++++ Records to use ++++

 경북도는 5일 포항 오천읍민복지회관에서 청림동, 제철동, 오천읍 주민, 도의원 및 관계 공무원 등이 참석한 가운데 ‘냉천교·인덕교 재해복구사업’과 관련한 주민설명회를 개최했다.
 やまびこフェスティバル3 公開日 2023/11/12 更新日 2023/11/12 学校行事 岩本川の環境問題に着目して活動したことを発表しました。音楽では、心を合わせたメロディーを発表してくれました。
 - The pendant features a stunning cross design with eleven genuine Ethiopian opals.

++++
++++ Records to use ++++

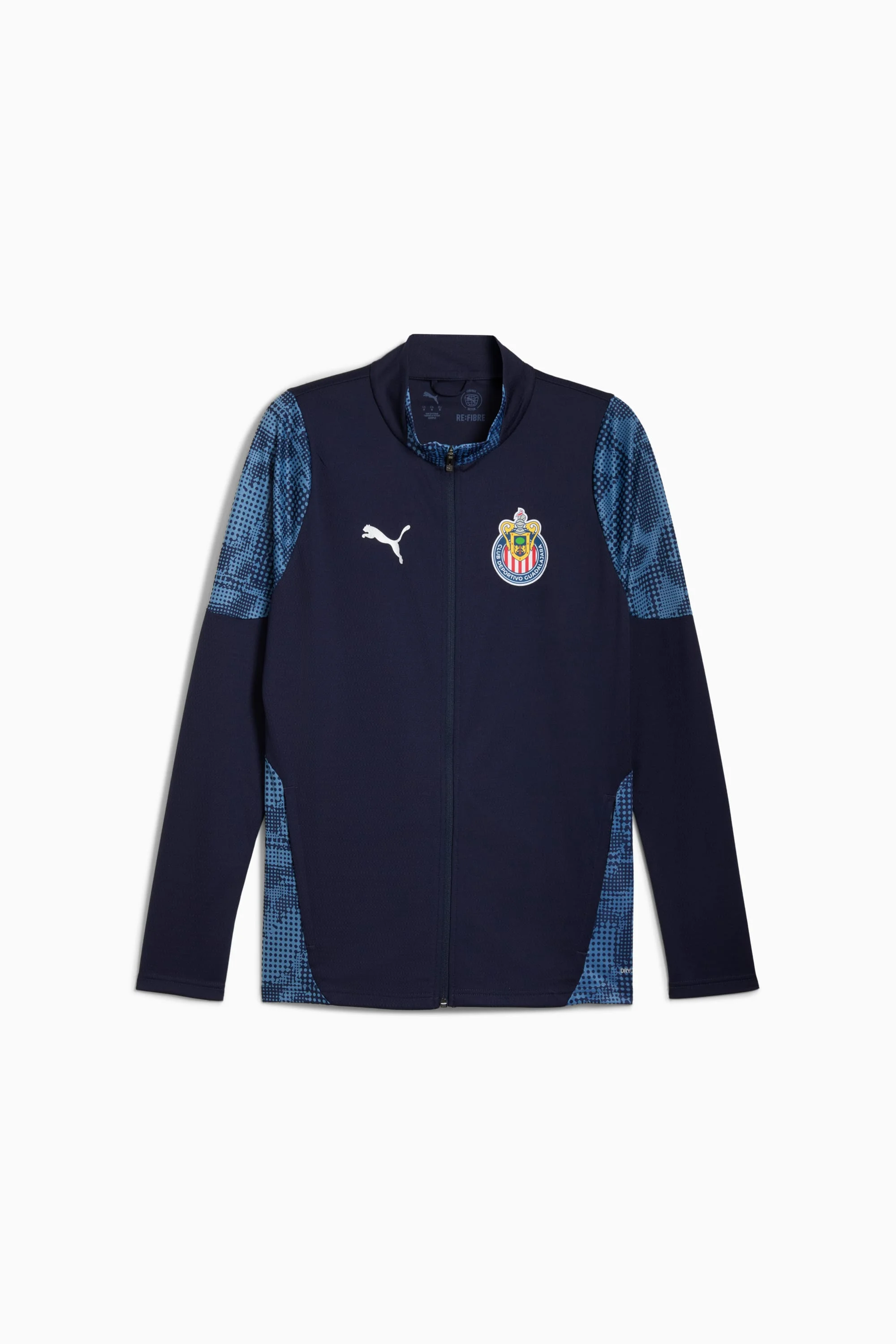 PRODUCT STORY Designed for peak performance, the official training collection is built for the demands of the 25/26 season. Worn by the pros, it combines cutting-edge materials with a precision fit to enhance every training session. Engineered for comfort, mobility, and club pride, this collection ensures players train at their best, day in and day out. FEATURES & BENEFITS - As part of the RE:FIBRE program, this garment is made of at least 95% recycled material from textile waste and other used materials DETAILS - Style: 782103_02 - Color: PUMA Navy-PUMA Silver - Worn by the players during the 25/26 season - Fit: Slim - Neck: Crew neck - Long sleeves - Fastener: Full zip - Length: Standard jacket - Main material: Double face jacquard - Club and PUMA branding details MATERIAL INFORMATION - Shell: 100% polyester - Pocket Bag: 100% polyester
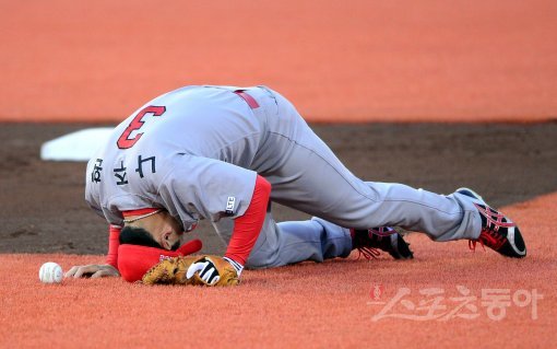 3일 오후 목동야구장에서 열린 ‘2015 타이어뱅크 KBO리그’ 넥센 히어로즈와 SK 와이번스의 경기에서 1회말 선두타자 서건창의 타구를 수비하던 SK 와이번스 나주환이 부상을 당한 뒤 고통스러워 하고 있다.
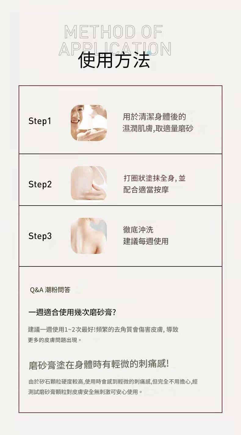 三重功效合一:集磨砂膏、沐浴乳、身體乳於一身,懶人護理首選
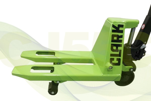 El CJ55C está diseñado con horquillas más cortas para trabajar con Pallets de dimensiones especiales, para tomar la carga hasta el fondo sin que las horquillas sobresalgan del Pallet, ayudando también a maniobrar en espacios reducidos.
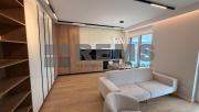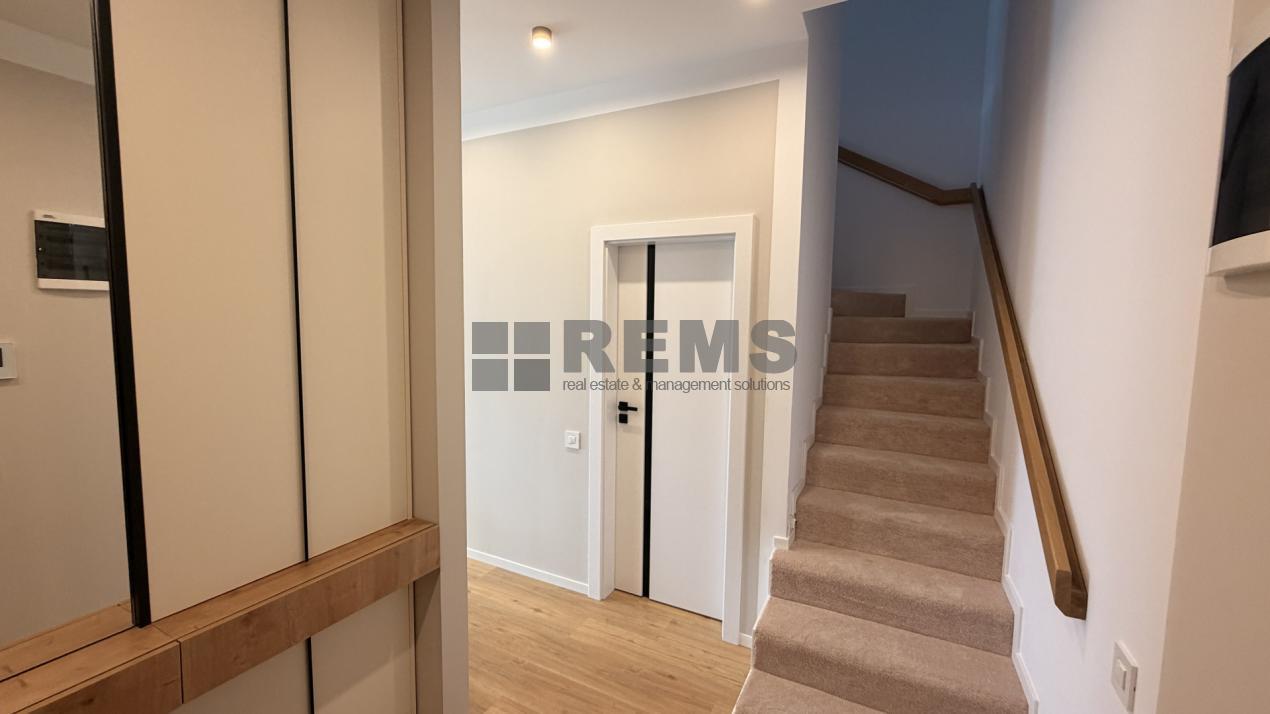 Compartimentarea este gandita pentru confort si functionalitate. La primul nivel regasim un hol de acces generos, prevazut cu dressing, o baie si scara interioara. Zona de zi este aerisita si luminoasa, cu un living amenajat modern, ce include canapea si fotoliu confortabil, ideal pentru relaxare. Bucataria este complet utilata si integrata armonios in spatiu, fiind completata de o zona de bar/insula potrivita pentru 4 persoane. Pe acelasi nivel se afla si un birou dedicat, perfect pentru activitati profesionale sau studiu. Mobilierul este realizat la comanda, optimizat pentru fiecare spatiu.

++++

Which part of the entries opens with the line containing "3일 오후 목동야구장에서" and closes with the line containing "El CJ55C está"? Output that part exactly, ends included, pictures excluded.

 3일 오후 목동야구장에서 열린 ‘2015 타이어뱅크 KBO리그’ 넥센 히어로즈와 SK 와이번스의 경기에서 1회말 선두타자 서건창의 타구를 수비하던 SK 와이번스 나주환이 부상을 당한 뒤 고통스러워 하고 있다.
 三重功效合一:集磨砂膏、沐浴乳、身體乳於一身,懶人護理首選
 El CJ55C está diseñado con horquillas más cortas para trabajar con Pallets de dimensiones especiales, para tomar la carga hasta el fondo sin que las horquillas sobresalgan del Pallet, ayudando también a maniobrar en espacios reducidos.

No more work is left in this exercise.